ML method-related: The ML methods were not described fully in some articles. For example, the architectural information like hidden layers and the number of neurons in an ANN/DNN (Nguyen et al., 2020; Sah et al., 2022; Wang et al., 2022) or the number of trees in a Random Forest (RF) (Wang et al., 2022) model were missing. Additionally, training/testing process details, such as size of training, validation, and test sets (Le-Hong et al., 2023; Silbernagel et al., 2020), and networks’ trainings parameters including the number of epochs, learning rate, and optimization algorithm in ANN/DNN (Wang et al., 2022), were left out. It is essential to report all model hyperparameters.
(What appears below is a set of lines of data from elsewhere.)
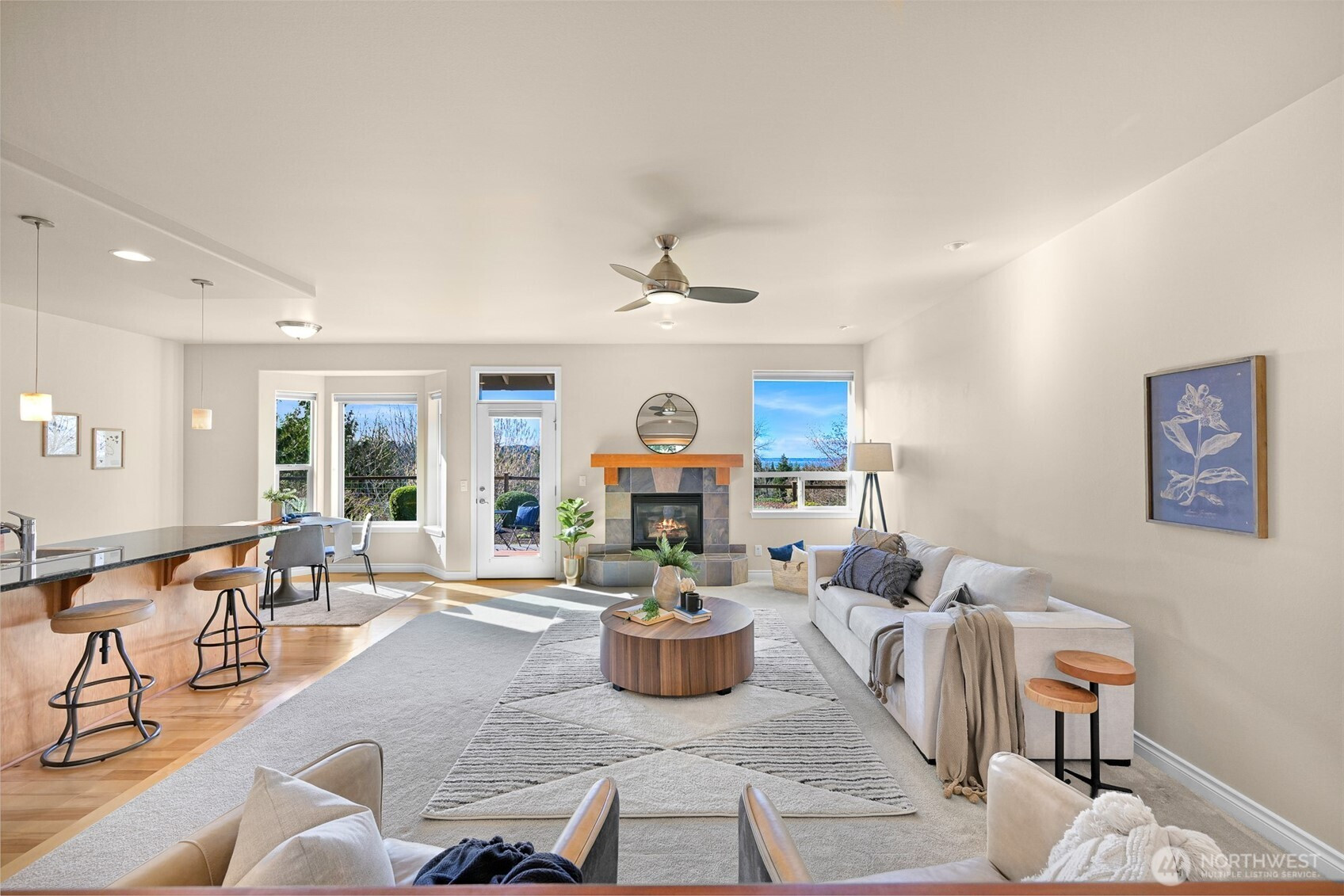 Set at the base of Galbraith Mountain in the coveted Whatcom Falls/Hannah Creek neighborhood, this stunning Skeers-built single-level home offers a seamless blend of natural beauty, sophistication, and unbeatable convenience. Just steps from Whatcom Falls Park immerse yourself in serene trails, lush greenery, and stunning waterfalls. Outdoor enthusiasts will delight in direct access to Galbraith Mountain’s world-class mountain biking trails right from your doorstep. This prime location also provides quick access to Lake Whatcom, I-5, and downtown—perfect for those seeking the best of both nature and city life. Inside, an open floorplan is bathed in natural light thanks to high ceilings and expansive windows. Hardwood floors lead you to a gourmet kitchen outfitted with granite countertops, an island and a dining nook. Host with ease in the formal dining room or relax in the living room by the slate-surround gas fireplace. A dedicated home office creates a peaceful workspace while the primary suite offers a luxurious retreat with a double vanity, soaking tub, separate shower and walk-in closet. A thoughtful split-bedroom layout ensures privacy for additional bedrooms. Outside, the west-facing backyard is a tranquil haven featuring lush gardens, meandering paths and sweeping territorial views. Soak in vibrant sunsets, bay vistas, and even snow-capped Canadian peaks. Complete with a 2-car garage, this home is a rare gem offering unparalleled outdoor adventure and accessibility.
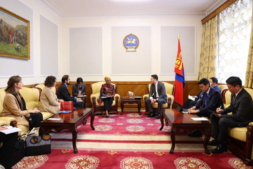 몽골 대통령의 경제 정책 고문 B. Davaadalai, 법률 정책 고문 A. Byambajargal 및 N. Batkhyu 환경 정책 고문이 스위스 제네바에 소재한 국제 무역 센터 부국장인 Dorothy Tembo가 이끄는 대표자들을 만났습니다.
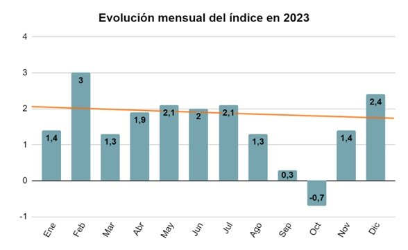 El índice, resultado de la media ponderada de respuestas a la pregunta sobre la evolución de los mercados bursátiles en los próximos 6 meses, continúa en niveles positivos (+1,05). Ello a pesar de los efectos del conflicto armado entre Israel y Hamás, que hundió la confianza en el mes de octubre, situándose temporalmente en negativo ( -0.7) por primera vez en el año. Pero, como se observa en el gráfico desglosado por meses, el rebote fue igualmente fuerte hasta alcanzar a cierre del año el 2,4. Un nivel de optimismo similar al experimentado a comienzos de 2003.
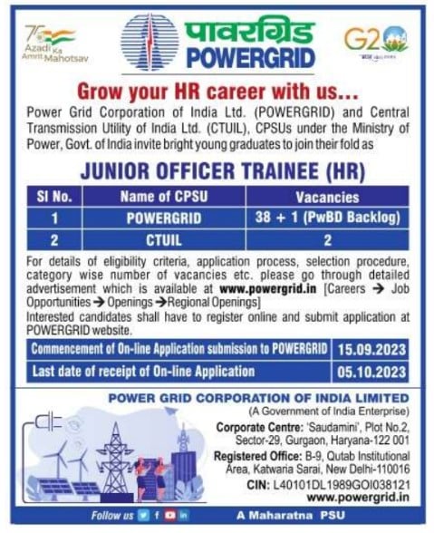 PGCIL Recruitment 2023: Power Grid Corporation of India Limited (PGCIL) has released a notification at powergridindia.com for recruitment to the Post of Junior Officer Trainee (HR) in All India. Interested candidates can Apply Online on or before 05-Oct-2023.

Model performance analysis-related: We found ambiguity in the plotted loss/epoch figures in a couple of studies. Nguyen et al. (2020) demonstrated the variations in the MAE values for training and validation sets during 3000 epochs (Fig. 10a). Both training and validation losses reduced; however, some unexplained jumps were recorded in the validation loss graph. While the discontinuities in the graph may have resulted from forced changes to the learning rate during the training process, no discussion on this was included in the article. In another work (Park et al., 2022), the graph shown in Fig. 10b was provided as an indicator of model convergence. However, it was not clear if the trend seen was a consequence of using a cosine scheduler (Kim & Yun, 2022). Alternatively, it may have depicted loss deductions for different folds in a tenfold cross validation, because the authors mentioned that the model had converged for every fold after a few hundred epochs (the figure showed 6000 epochs, i.e., 600 epoch per fold times 10). It is thus crucial that the authors clearly mention the details of their training processes.

Fig. 10
figure 10

Loss/epoch figures for ML-based forward models developed by a (Nguyen et al., 2020), and b (Park et al., 2022)

Suggested improvements

Scholars in the AM community should provide detailed information on the following: (1) a more thorough description of datasets, e.g., the data type and quantity, number of fabricated samples, the geometries (shape and dimension) with the parameters used for their construction, information on the support structures if applicable, (2) the architecture of the trained ML models, e.g., values of training and structural hyperparameters, and (3) the performance metrics used for model validation.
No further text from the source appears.